For years and years, Windsor’s planners and policy makers had to focus their attention on negotiating blight, population loss, the hollowing out of the city’s urban core and emptying neighbourhoods.
That’s all changed. Even in the midst of the worst global pandemic in a century, Windsor’s housing prices were skyrocketing and new construction start announcements continued at a brisk pace.
With the end of the COVID-19 nightmare barely in sight, the City of Windsor is already experiencing unprecedented growth. It should be good news, but other challenges are now emerging — including a looming housing affordability crisis — and some are calling for a fundamental reevaluation of the pathway forward.
“Housing is a critical component, but it’s not just housing pressure, it’s how you want the city to grow,” said Ward 3 Coun. Rino Bortolin, who represents the downtown.
I’m scared about the widening gap between rich and poor
The real turnaround in Windsor’s fortunes began in the middle of the last decade, when Alberta’s massive oil sands projects took a major global hit and many of this city’s economic expats began returning home. Windsor also opened its arms at the time to a sizeable number of refugees fleeing the civil war in Syria, with an estimated 2,000 members of that community eventually finding their way here.
But the real change came when the University of Windsor and St. Clair College began heavily recruiting for new students from abroad, with thousands heeding the call. Part of the attraction were federal programs offered by the Harper and Trudeau governments that permitted foreign students to remain in Canada after graduation to work and, better yet, to create new jobs.
“Since 2015 it’s, ‘Wow, now we’re growing very quickly. How do we manage this growth?'” said Mike Moffatt, an economist who has been keeping tabs on Windsor’s turnaround. He said the exodus of families from the Greater Toronto Area due to exploding housing prices there has had an impact on cities as far away as London but has not been a significant factor in Windsor’s recent growth.
Moffatt, who teaches business at the University of Western Ontario in London and is a senior director at the Ottawa-based Smart Prosperity Institute, said having thousands of bright foreign students arrive in Windsor each year, and then seeing many of them decide to stay after graduation, is a big positive for the local economy.
“Having a lot of really young, really talented people wanting to start businesses — I think it’s a great thing,” he said.
“But you have to plan for that.”
For example, where do you house thousands of new students flooding into a mid-sized city each fall?
Moffatt, who works with London and other cities in addressing growth issues, is the featured speaker at an Aug. 4 event in downtown Windsor that will see a panel of local policy makers discuss housing policy.

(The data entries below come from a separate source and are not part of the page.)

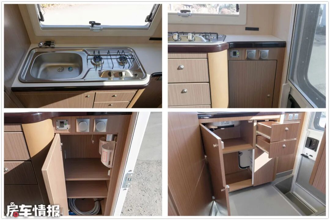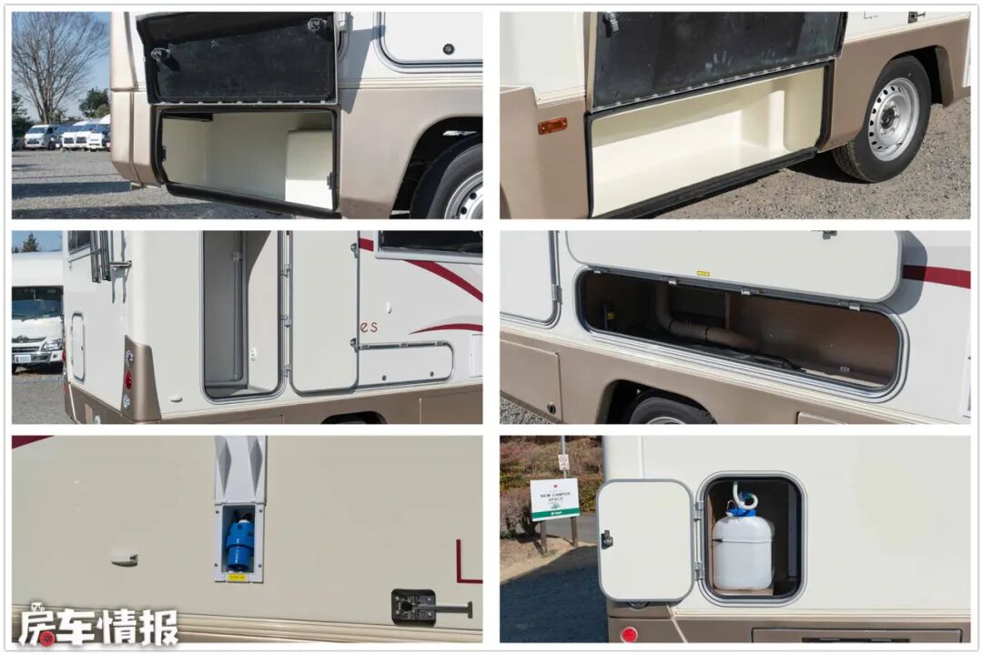 车外的储物空间比较丰富,车身两侧的裙摆箱、后部贯通储物仓,以及相应的水、电接口和燃气贮藏室,分类存放,布局清晰。
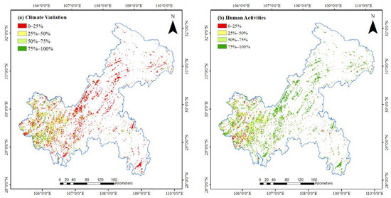 This study analyzed the relative contribution of the two drivers to vegetation-cover change based on multiple linear regression and residual analysis. In areas with decreased vegetation cover, climate change and human activities had relative contributions of 29.61% and 70.39%, respectively. As shown in Figure 9b, 75.48% of the vegetation cover reduction areas were mainly caused by human activities (relative contribution > 50%), and were primarily in the western and northwestern parts of Chongqing. Only 24.52% of the areas with decreased vegetation cover were primarily caused by climate change and were mainly found at the western margin (Figure 9a).
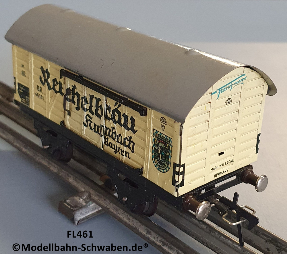 Fleischmann 461 Spur 0, Kühl- / Bierwagen Reichelbräu Kulmbach, Metall, weiss
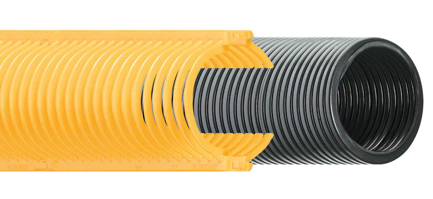 Giải pháp gia cố cho hệ thống ống ruột gà luồn cáp với e-rib được gắn vào ống xoắn, giúp ổn định và đảm bảo ống chỉ di chuyển theo một hướng. Các kích thước mới của e-rib không phụ thuộc vào nhà sản xuất ống mềm, hỗ trợ dẫn hướng mà không cần giá đỡ.
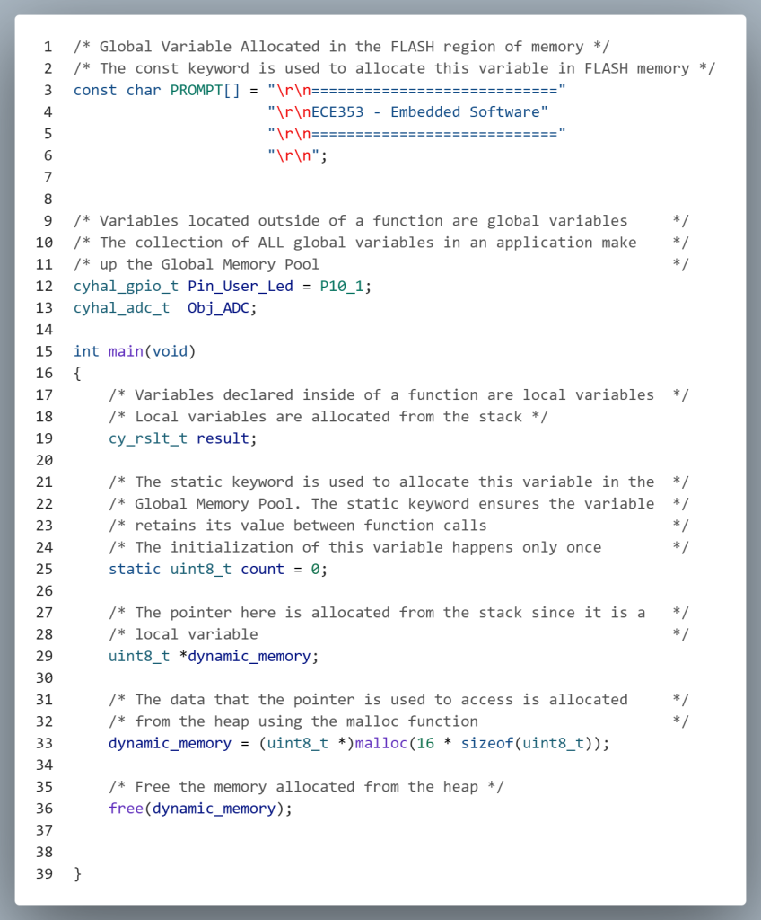 The information we’ve covered about the stack and heap is a high-level overview of two much deeper and more complex topics. In reality, each of these areas could easily span several weeks of coursework. Our goal here is to highlight that microcontrollers have limited memory resources, and the way we write software directly impacts how efficiently those resources are used.

Bortolin will be joined by Lori Atkinson, regional manager at Libro Credit Union, Eric Hill, executive director of Can Am Urban Native Homes of Windsor, Ami Patel, chief financial officer of Windsor Essex Community Housing Corporation, and Hugo Vega, a YMCA regional manager of settlement services.
“The last five years, things have shot off like crazy — Windsor is becoming quite a different place,” said moderator Melinda Munro of event co-host Munro Strategic Perspective. “Mike has some unique insights,” she said of Moffatt.
Tickets are $25 each on the Eventbrite website and include a drink, snacks and a seat at one of the tables being set up on the patios of Maiden Lane Wine & Spirits and A Dog’s Breakfast. The discussion runs from 6 to 7 p.m.
Despite the rapidly rising cost of local homeownership, Bortolin said owning property remains attainable for most people living here with decent-paying jobs. “Windsor is still affordable, but it’s on track to not be.”
“Outside investment is good … but you don’t want to lose control of your community,” he said, adding his big concern is for young people and Windsorites who are being rapidly priced out of the market. “I’m scared about the widening gap between rich and poor.”
The flow of new residents seeking their way to Windsor — reversing decades of slow growth and even periods of population decline — is “not likely to stop,” said Moffatt, who doesn’t see the current local trend reversing itself anytime soon. Housing demand drove up prices, he said, and that activity attracted investors which is driving those prices up even further.
The answer, Moffatt said, is to “build, build, build” and increase supply. And that’s where new planning policy and regulations need to come in to direct the growth so it doesn’t mean gobbling up farms, forests and wetlands and forcing people into long commutes for work.
Urban intensification, which will likely trigger neighbourhood opposition, is one route to take, said Moffatt. “If you don’t, you’re probably looking at continued sprawl — we’re losing 175 acres of farmland a day in Ontario.”
The path forward is about “having the community come together, recognize the challenges and come up with creative solutions,” said Moffatt.
London’s city council, for example, unanimously approved establishment, during the worst of COVID-19 last year, of a London Community Recovery Network, made up of 35 representatives from government, neighbourhoods, industry, business, academia and social organizations. With timelines and a reporting deadline, the group will provide suggestions and answers in the fall to the question: “What does success look like coming out of the pandemic?”